Last month at Snowflake Summit, Sam Altman anchored the opening keynote with a fireside chat. AGI timelines were discussed, and he, as you would expect, emphasized just how quickly things are moving (as is our bar for what AGI actually is).
One thing that stood out to me was how context is beginning to become more and more important, even with today’s models, longer context length, memory, and improved retrieval mechanisms will greatly expand the impact that they will have.
Shopify CEO Tobi Lutke was also singing the song of context later in the month, highlighting that “context engineering” was a better framing than prompt engineering. We’re moving beyond trying merely to coax the correct answer from the underlying model and instead ensuring we are providing it with the information with which to provide the correct answer.

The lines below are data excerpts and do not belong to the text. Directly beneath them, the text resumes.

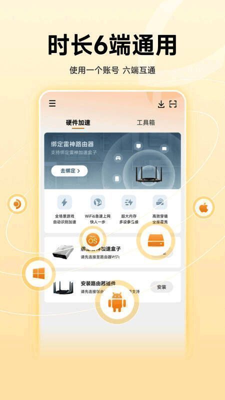 2、跨平台兼容性:支持Windows MacOS、NNPC、雷神App,主机、路由器满足多平台加速需求,覆盖所有场景,为玩家实现不同设备间的无缝切换。
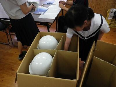 新燃岳の噴火が先週まで続いていましたが、気象庁の噴火警戒レベルが「2」(火口周辺規制)まで下げられたことに伴い、噴石防止のためのへルメット着用での通学をいったん解除することとなり、昼休みに学校ではヘルメットの回収を行いました。
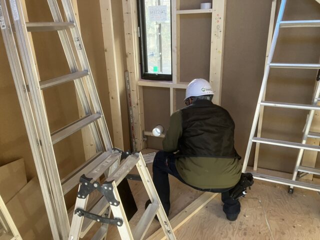 現場ではサッシの取り付けが終わり、木工事を進めています。
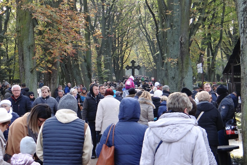 Od wczesnego rana w piątek (1 listopada) na szczecińskich cmentarzach tłumy odwiedzających groby najbliższych, przyjaciół i znajomych. Dużo ludzi już tradycyjnie - jak co roku – zwłaszcza na Cmentarzu Centralnym.
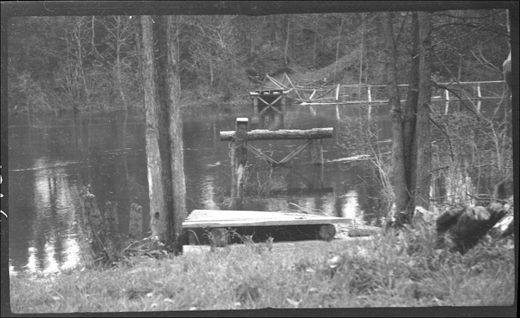 Passerelle sur la rivière Maskinongé à Saint-Didace, 1943, Archives nationales à Québec, Fonds Ministère de la Culture et des Communications, (03Q,E6,S7,SS1,D2,P11751), Irénée Beaudet.
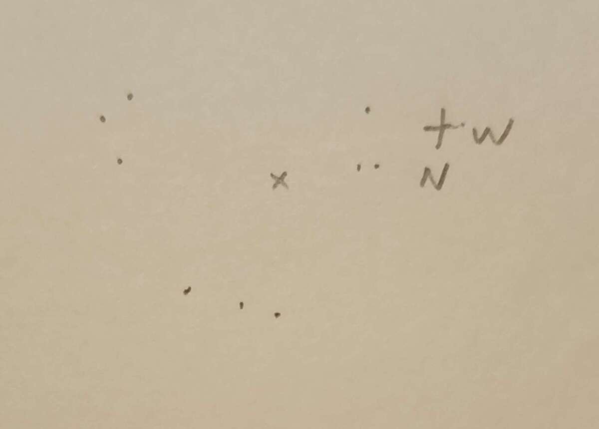 “M1 was very hard to see. I could make out what looked like a star whose light was diffused by a dark ‘splotch’. With other tiny ‘splotches’ surrounding it.”
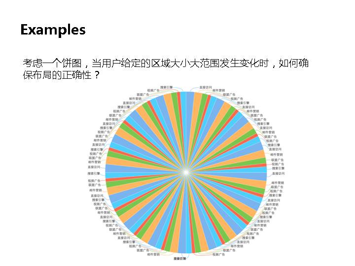 考虑一个饼图,当用户给定的区域大小大范围发生变化时,如何确保布局的正确性?
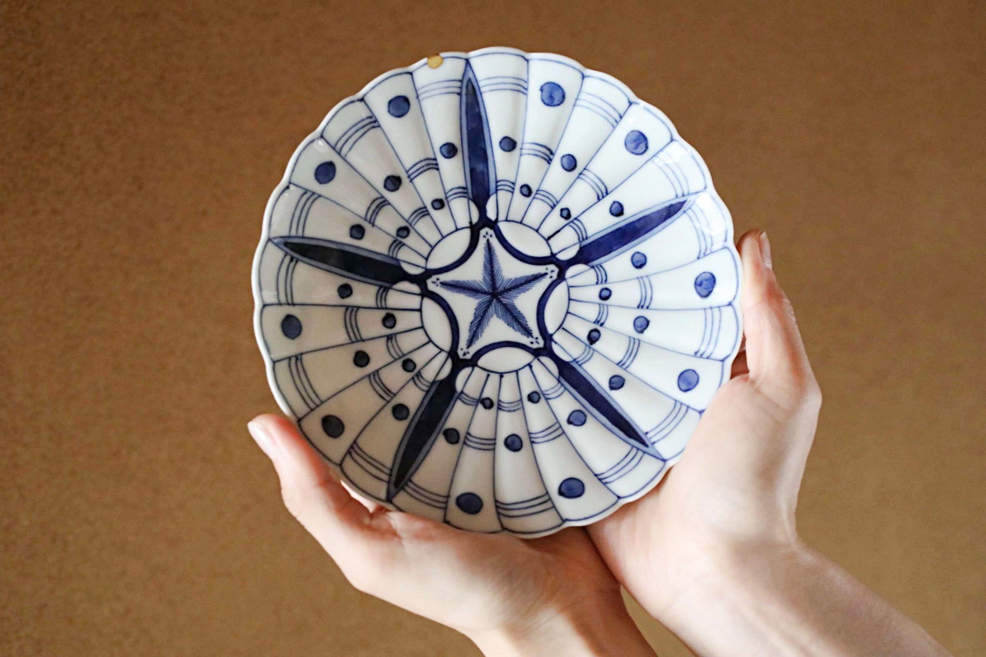 In the center is a starfish-like design. The fact that each piece is hand-drawn and therefore slightly different from the next is also interesting.

This tracks with a bit of what we’ve seen in some of the acquisitions we’ve seen this year. Companies that hold core enterprise data, e.g. Salesforce, ServiceNow, have bought companies that help manage metadata, Informatica, and data.world respectively. The metadata provides context on the underlying data, it helps provide LLMs a guide to where to find things, which data to trust, and so on.
Our previous discussion of semantic layers, inspired in large part by David Jayatillake’s writing on this, is related.

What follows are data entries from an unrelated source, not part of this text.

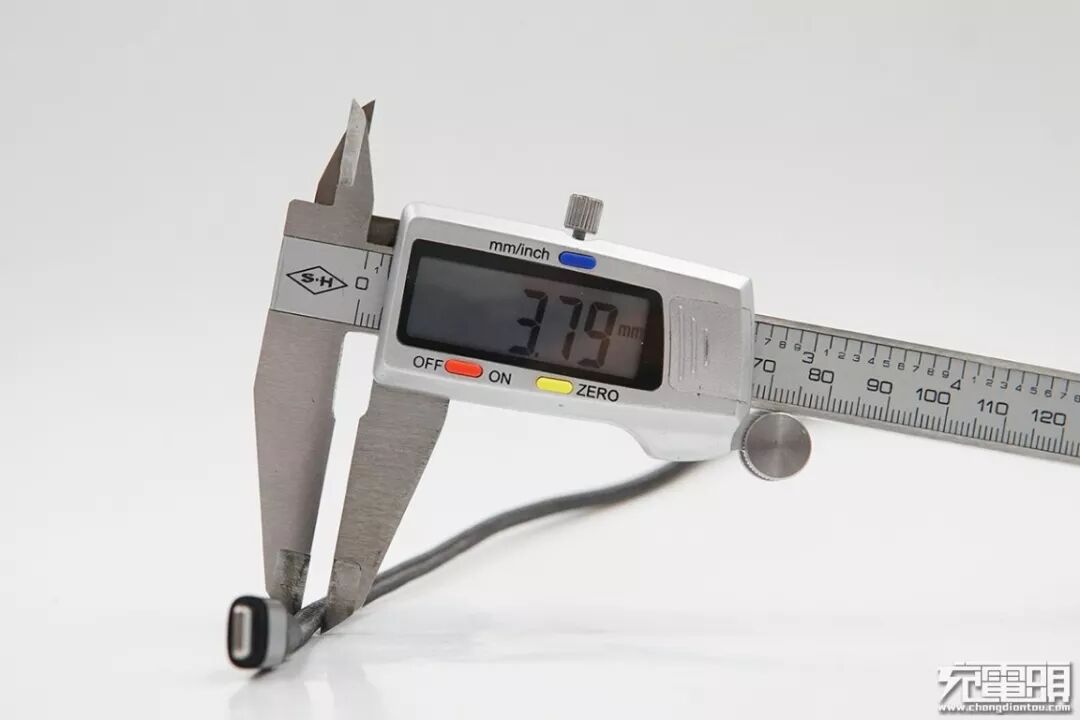 实际测量趣评测USB-C to Lightning 数据线直径粗3.79mm。
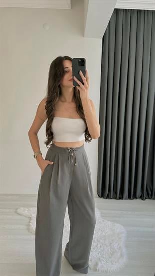 Minella Gri İp Detaylı Pileli Poliviskon Pantolon (SDU2225S)
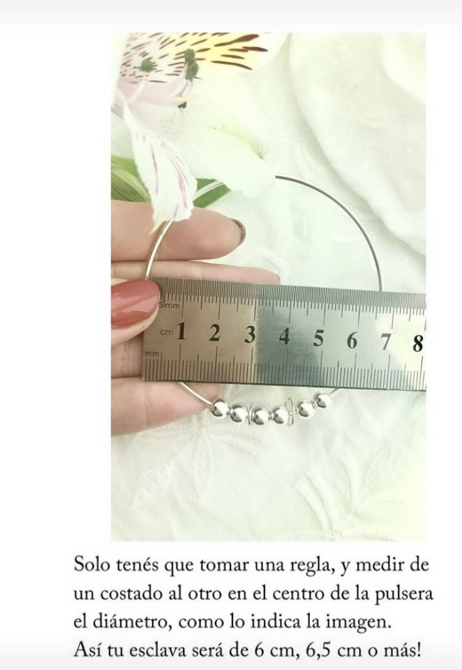 El largo de las Pulseras esta detallado debajo de cada producto y si es un largo regulable o fijo, la forma de medirlas es la misma que con un collar (arriba esta explicado como hacerlo). El diámetro de las Esclavas varia entre 6 y 7 cm por lo general, también esta detallado debajo de cada producto. Acá te dejo una imagen de como tenes que medir con una regla el diámetro de las esclavas si es que ya tenes una:
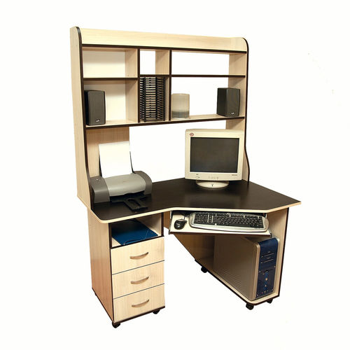 Стол компьютерный угловой на колесах, с выкатной полкой (роликовые направляющие) и тремя встроенными ящиками с нишей, включена полка под системный блок. Надстройка – открытые полки разный размеров.
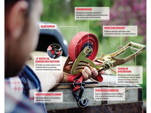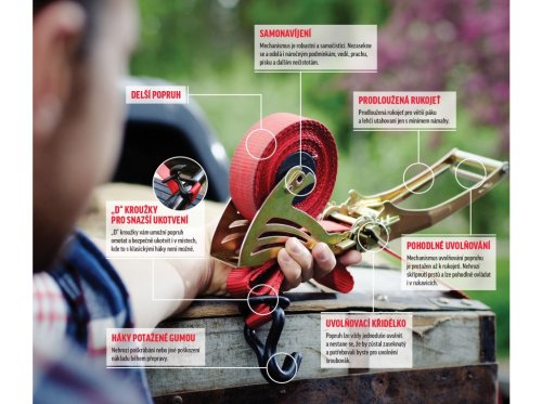 Robustné háky s gumovým poťahom pomáhajú ochrániť náklad pred poškodením, zatiaľ čo univerzálne „D“ krúžky rozširujú možnosti uchytenia – oceníte ich najmä tam, kde klasické háčiky nemožno použiť. Všetky kovové časti sú ošetrené opieskovaným povrchom, ktorý zvyšuje odolnosť voči opotrebovaniu aj korózii – zaručuje tak dlhú životnosť aj pri častom používaní.

Salesforce and ServiceNow want to give AI a map.
Interestingly, we’re also starting to see another trend, the hoarding of data. Does it benefit Salesforce to make its CRM or Slack chat data easily accessible by 3rd party services? It does not. They announced recently a change to Slack API terms to block bulk data access for LLMs.
Salesforce wants Agentforce to be your go-to for understanding the data they manage for you.
I understand the motivation, but it may hurt them in the long run. Enterprises do not want their data locked away in walled gardens. We’ve seen this with the trend to open table formats recently.
Version one of this challenge was the analytics stack, where companies go to great efforts to integrate disparate data sources into a single central data model in their data warehouse/data lake to power analytics.
Most agree that AI will be a much more significant unlock of the value of that data than internal analytics. The most powerful AI will be those with access to ALL of the enterprise’s data, not just the data in one service provider. I can’t help but wonder if by trying to keep all their data proprietary, these platforms will lose out to new contenders built around open data platforms.
On a related note, one of the questions we’re getting from customers is how they can start to integrate real-time context in AI services for their customers.
If you’re building an AI agent, do you want to reference static docs/faq or do you want to take into account the recent behavior of a shopper on your website or a the error that just affected someone on your software?
We believe that this real-time context will be critical to agentic workflows and have already seen significant impact for customers.
One thing we can be sure of, data and metadata are going to be a critical battleground in an AI, because context is king.
Warmly,
Paul Dudley
—-----
P.S., we previously talked about the shift towards forward-deployed engineers, services is now hot in silicon valley. This also ties back to context, services allow AI to be tailored based on the right underlying data sources to ensure quality output.